Se levantó y se acercó al ventanal. Así pudo ver cómo el “chico” cruzaba la avenida y desaparecía en el portal de enfrente, el de la casa donde vivía. Se quedó frente a la ventana, mirando fijamente hacia adelante. Al poco, vio iluminarse la que sabía era la ventana de la habitación del “chico”; aplicó entonces el rostro al cristal del ventanal, intentando que su vista llegara a penetrar en esa habitación, empresa inútil como era de esperar. Se quedó un momento, digamos, que entre desconcertada y desilusionada, al ver lo imposible de su pretensión. Pero al segundo, su cuerpo cobró actividad lanzándose sobre el mueble mural, uno de cuyos cajones más inferiores abrió y revolvió cuanto allí había hasta encontrar lo que buscaba: Unos pequeños binoculares semejantes a los usados en el teatro, algo muy parecido a los que heredara Tomás de su amigo Juan. Provista de los binoculares volvió al ventanal.

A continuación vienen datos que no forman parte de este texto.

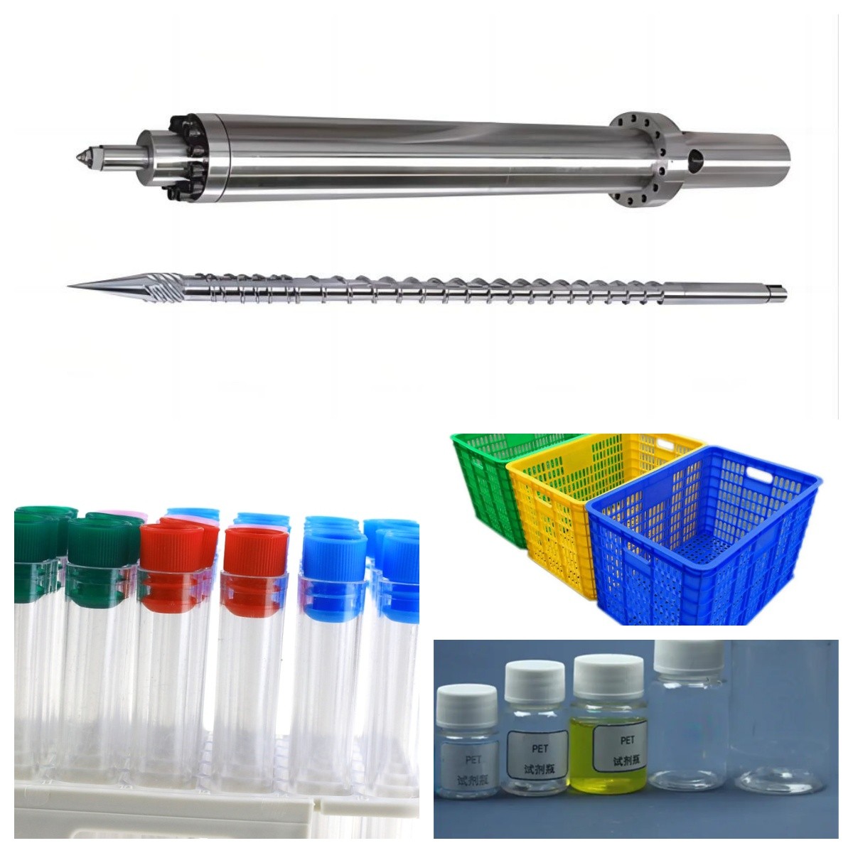 Screw diameter: 65mm 75mm Screw L/D ratio:23.9 20.7 Accessories: Screw head, Rings, Nozzle Tip Set Base Materials: SACM645,SCM440,SKD61 Steel Process: Nitrided & Bimetallic & Chrome Hardness: HRC55-65 Suitable for: PP, PE, ABS, PET, PVC, PS ... Delivery time: 20-25 days

La ventana del “chico” todavía estaba iluminada y aún alcanzó a divisar la figura del muchacho un segundo antes de que la ventana quedara a oscuras al apagarse la luz de la habitación. De nuevo Magda quedó como desorientada, sin saber bien lo que hacer, pero otra vez tomó una decisión. Como antes, corrió al mueble mural y, de otro de sus cajones, extrajo una gran cartulina, mayor incluso que un pliego de doble folio y unas pinturas de esas llamadas de cera. A continuación, escribió con letras bien grandes

                                                                                                Lo siento mucho.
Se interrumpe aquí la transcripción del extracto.